Block expressions are resolved by making a child symbol table, and resolving each statement and the expression if present.
### Exercises
1. Implement the rest of the expressions.
## 7.7 Resolving let statements
```ts
class Resolver {
// ...
private resolveLetStmt(stmt: Stmt, syms: Syms) {
if (stmt.kind.type !== "let")
throw new Error("expected let statement");
this.resolveExpr(stmt.kind.value, syms);
const ident = stmt.kind.param.ident;
if (syms.locallyDefined(ident)) {
this.reportAlreadyDefined(ident, stmt.pos, syms);
return;
}
syms.define(ident, {
ident,
type: "let",
pos: stmt.param.pos,
stmt,
param: stmt.param,
});
}
// ...
}
```
To resolve a let statement, we resolve the value expression, then we check that the symbol has not been defined already, and then we define the symbol as a let-symbol.

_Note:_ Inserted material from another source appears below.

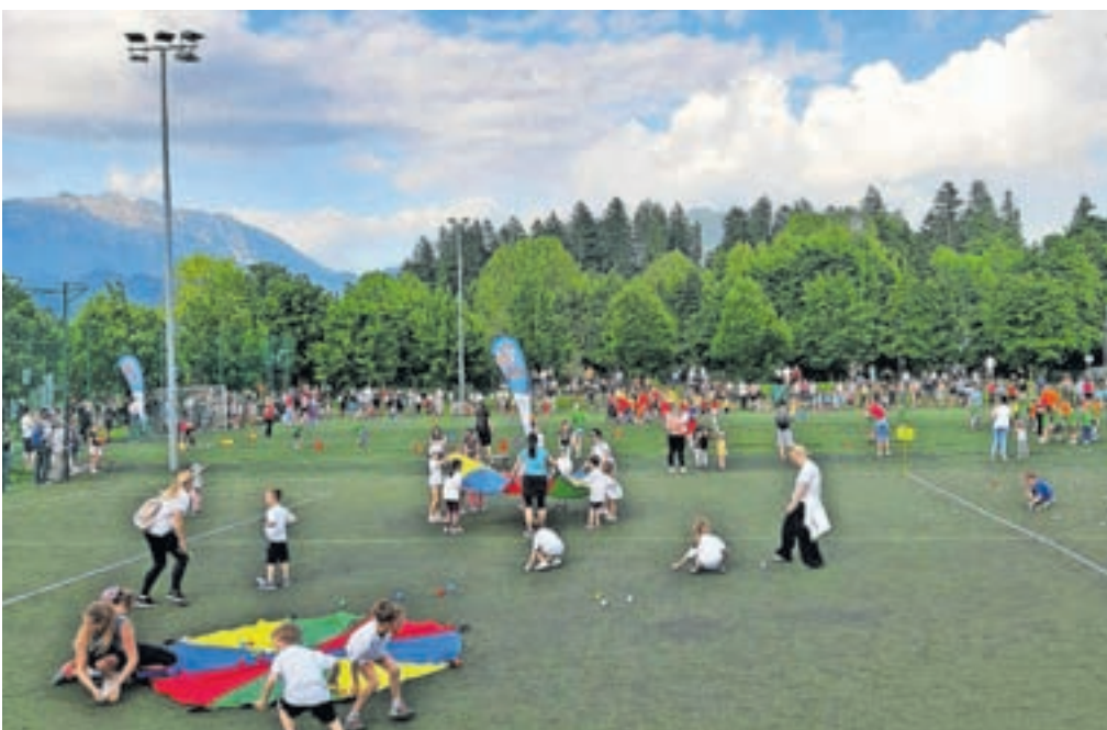
Približno 180 otrok je sodelovalo v različnih športnih panogah, prilagojenih njihovi starosti in sposobnostim.

## 7.8 Resolving function definition statements
```ts
class Resolver {
// ...
private resolveFnStmt(stmt: Stmt, syms: Syms) {
if (stmt.kind.type !== "fn")
throw new Error("expected fn statement");
if (syms.locallyDefined(stmt.kind.ident)) {
this.reportAlreadyDefined(stmt.kind.ident, stmt.pos, syms);
return;
}
syms.define(ident, {
ident: stmt.kind.ident,
type: "fn",
pos: stmt.pos,
stmt,
});
const fnScopeSyms = new Syms(syms);
for (const param of stmt.kind.params) {
if (fnScopeSysm.locallyDefined(param.ident)) {
this.reportAlreadyDefined(param.ident, param.pos, syms);
continue;
}
fnScopeSyms.define(param.ident, {
ident: param.ident,
type: "fn_param",
pos: param.pos,
param,
});
}
this.resolveExpr(stmt.kind.body, fnScopeSyms);
}
// ...
}
```
To resolve a function definition we first check that the symbol is not already defined, then we define it. Then we make a child symbol table, define all the parameters and lastly resolve the function body.

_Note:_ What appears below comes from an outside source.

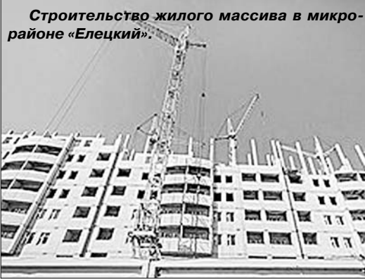
Строительство жилого массива в микрорайоне «Елецкий».

Parameters must not have the same name, to that end we check that each parameters identififer is not already defined.
Contrary to resolving the let statement, we define the function symbol before resolving the body expression. This is so that the function body is able to call the function recursively.
## 7.9 Resolving statements
```ts
class Resolver {
// ...
private resolveStmt(stmt: Stmt, syms: Syms) {
if (stmt.kind.type === "error") {
return;
}
if (stmt.kind.type === "let") {
this.resolveLetStmt(stmt, syms);
return;
}
if (stmt.kind.type === "fn") {
this.resolveFnStmt(stmt, syms);
return;
}
if (stmt.kind.type === "return") {
if (stmt.kind.expr)
this.resolveExpr(stmt.kind.expr, syms);
return;
}
// ...
throw new Error(`unknown statement ${expr.kind.type}`);
}
// ...
}
```
Just like expressions, we traverse the AST and resolve every sub-statement and expression.
### Exercises
1. Implement the rest of the expressions.
## 7.10 Resolving AST
```ts
class Resolver {
// ...
private resolveStmts(stmts: Stmt[]) {
const scopeSyms = new Syms(this.root);
for (const stmt of stmts) {
this.resolveStmt(stmt, scopeSyms);
}
}
// ...
}
```
We'll make a child symbol table of the root and resolve each statement.
## 7.11 Errors
### 7.11.1 Use of undefined
```ts
class Resolver {
// ...
private reportUseOfUndefined(ident: Ident, pos: Pos, syms: Syms) {
console.error(`use of undefined symbol '${ident}' at ${pos.line}${pos.col}`);
}
// ...
}
```
### 7.11.2 Already defined
```ts
class Resolver {
// ...
private reportAlreadyDefined(ident: Ident, pos: Pos, syms: Syms) {
console.error(`symbol already defined '${ident}', at ${pos.line}${pos.col}`);
const prev = syms.get(ident);
if (!prev.ok)
throw new Error("expected to be defined");
if (!prev.sym.pos)
return;
const { line: prevLine, col: prevCol } = prev.sym.pos;
console.error(`previous definition of '${ident}' at ${prevLine}:${prevPos}`);
}
// ...
}
```
Print the last definition to help the user.
## Exercises
1. \* Implement, so that `reportUseOfUndefined` searches for similar symbols, eg. using lLevenshtein distance.